School of Optical-Electrical and Computer Engineering, University of Shanghai for Science and Technology, Shanghai, 200093, PR China.
Engineering Research Center of Optical Instrument and System, Ministry of Education, Shanghai Key Lab of Modern Optical System, University of Shanghai for Science and Technology, Shanghai, 200093, PR China; School of Optical-Electrical and Computer Engineering, University of Shanghai for Science and Technology, Shanghai, 200093, PR China.
Comput Methods Programs Biomed. 2022 Sep;224:107011. doi: 10.1016/j.cmpb.2022.107011. Epub 2022 Jul 12.
Operator's capability for accurately comprehending verbal commands is critically important to maintain the performance of human-machine interaction. It can be evaluated by human mental workload measured with electroencephalography (EEG). However, the time duration of different workload conditions within a task session is unequal due to varied psychophysiological processes across individuals. It leads to data imbalance of the EEG for training workload classifiers.
In this study, we propose an EEG feature oversampling technique, Gaussian-SMOTE based feature ensemble (GSMOTE-FE), for workload recognition with imbalanced classes. First, artificial EEG instances are drawn from a Gaussian distribution in the margin between the minority and majority workload classes. Tomek links are detected as clues to remove redundant feature vectors. Then, we embed a feature selection module based on the GINI importance while an ensemble classifier committee with bootstrap aggregating is used to further enhance classification performance.

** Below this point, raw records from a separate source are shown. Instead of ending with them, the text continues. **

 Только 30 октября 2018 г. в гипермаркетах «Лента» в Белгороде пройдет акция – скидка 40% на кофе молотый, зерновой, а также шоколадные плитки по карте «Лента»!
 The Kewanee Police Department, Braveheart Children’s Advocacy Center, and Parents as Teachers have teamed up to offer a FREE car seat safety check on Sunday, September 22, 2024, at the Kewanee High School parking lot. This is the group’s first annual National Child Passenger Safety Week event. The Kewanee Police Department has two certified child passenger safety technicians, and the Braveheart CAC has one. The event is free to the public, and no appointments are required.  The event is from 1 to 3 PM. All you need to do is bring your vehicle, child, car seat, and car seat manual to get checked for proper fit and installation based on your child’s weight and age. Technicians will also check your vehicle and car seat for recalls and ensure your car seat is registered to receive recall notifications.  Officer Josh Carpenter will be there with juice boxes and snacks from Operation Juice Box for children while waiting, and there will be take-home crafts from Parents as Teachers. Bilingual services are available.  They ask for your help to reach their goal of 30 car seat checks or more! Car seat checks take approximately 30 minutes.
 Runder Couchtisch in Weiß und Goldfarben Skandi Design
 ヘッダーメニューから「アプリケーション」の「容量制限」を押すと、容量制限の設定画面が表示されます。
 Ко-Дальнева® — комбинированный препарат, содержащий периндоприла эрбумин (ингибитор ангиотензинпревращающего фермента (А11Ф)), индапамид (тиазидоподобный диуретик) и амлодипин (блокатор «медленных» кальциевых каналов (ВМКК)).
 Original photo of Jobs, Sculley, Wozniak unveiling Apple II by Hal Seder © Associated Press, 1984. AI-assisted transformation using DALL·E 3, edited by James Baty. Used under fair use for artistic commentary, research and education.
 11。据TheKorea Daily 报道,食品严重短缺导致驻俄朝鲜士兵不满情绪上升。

We validate the GSMOTE-FE framework based on an experiment that simulates operators to understand the correct meaning of the instructions in the Chinese language. Participants' EEG signals and reaction time data were both recorded to validate the proposed workload classifier. Workload classification accuracy and Macro-F1 values are 0.6553 and 0.5862, respectively. Corresponding G-mean and AUC achieve at 0.5757 and 0.5958, respectively.

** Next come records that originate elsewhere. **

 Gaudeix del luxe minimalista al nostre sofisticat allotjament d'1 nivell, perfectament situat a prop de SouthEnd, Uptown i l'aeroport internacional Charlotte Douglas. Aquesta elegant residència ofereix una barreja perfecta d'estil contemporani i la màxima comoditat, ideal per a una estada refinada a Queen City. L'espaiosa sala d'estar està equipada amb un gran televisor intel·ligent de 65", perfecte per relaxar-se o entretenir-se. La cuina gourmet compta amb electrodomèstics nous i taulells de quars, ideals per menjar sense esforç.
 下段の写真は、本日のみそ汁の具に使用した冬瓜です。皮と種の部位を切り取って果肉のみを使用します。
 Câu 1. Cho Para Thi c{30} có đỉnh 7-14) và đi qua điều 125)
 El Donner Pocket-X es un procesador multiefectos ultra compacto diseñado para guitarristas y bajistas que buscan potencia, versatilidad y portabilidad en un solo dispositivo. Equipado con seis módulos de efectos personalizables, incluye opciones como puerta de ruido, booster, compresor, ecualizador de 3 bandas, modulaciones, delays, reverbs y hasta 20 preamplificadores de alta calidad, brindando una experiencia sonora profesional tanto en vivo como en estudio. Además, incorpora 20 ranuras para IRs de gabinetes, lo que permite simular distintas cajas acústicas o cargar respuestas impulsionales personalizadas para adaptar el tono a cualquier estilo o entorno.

The performance of the GSMOTE-FE is demonstrated to be comparable with the advanced oversampling techniques. The workload classifier has the capability to indicate low and high levels of the task demand of the Chinese language understanding task.
操作人员准确理解口头指令的能力对于保持人机交互的性能至关重要。它可以通过脑电图 (EEG) 测量的人心理工作量来评估。然而,由于个体之间的心理生理过程不同,任务会话中不同工作负荷条件的持续时间是不相等的。这导致用于训练工作负荷分类器的 EEG 数据不平衡。
在这项研究中,我们提出了一种 EEG 特征过采样技术,基于高斯-SMOTE 的特征集成 (GSMOTE-FE),用于不平衡类别下的工作负荷识别。首先,从少数类和多数类工作负荷之间的边界上的高斯分布中抽取人工 EEG 实例。托梅克链接被检测为去除冗余特征向量的线索。然后,我们嵌入了一个基于基尼重要性的特征选择模块,同时使用引导聚合的集成分类器委员会进一步提高分类性能。
我们基于模拟操作人员理解中文指令正确含义的实验验证了 GSMOTE-FE 框架。记录参与者的 EEG 信号和反应时间数据,以验证所提出的工作负荷分类器。工作负荷分类精度和宏 F1 值分别为 0.6553 和 0.5862。相应的 G-mean 和 AUC 分别达到 0.5757 和 0.5958。
GSMOTE-FE 的性能被证明与先进的过采样技术相当。该工作负荷分类器能够指示中文理解任务的需求水平的高低。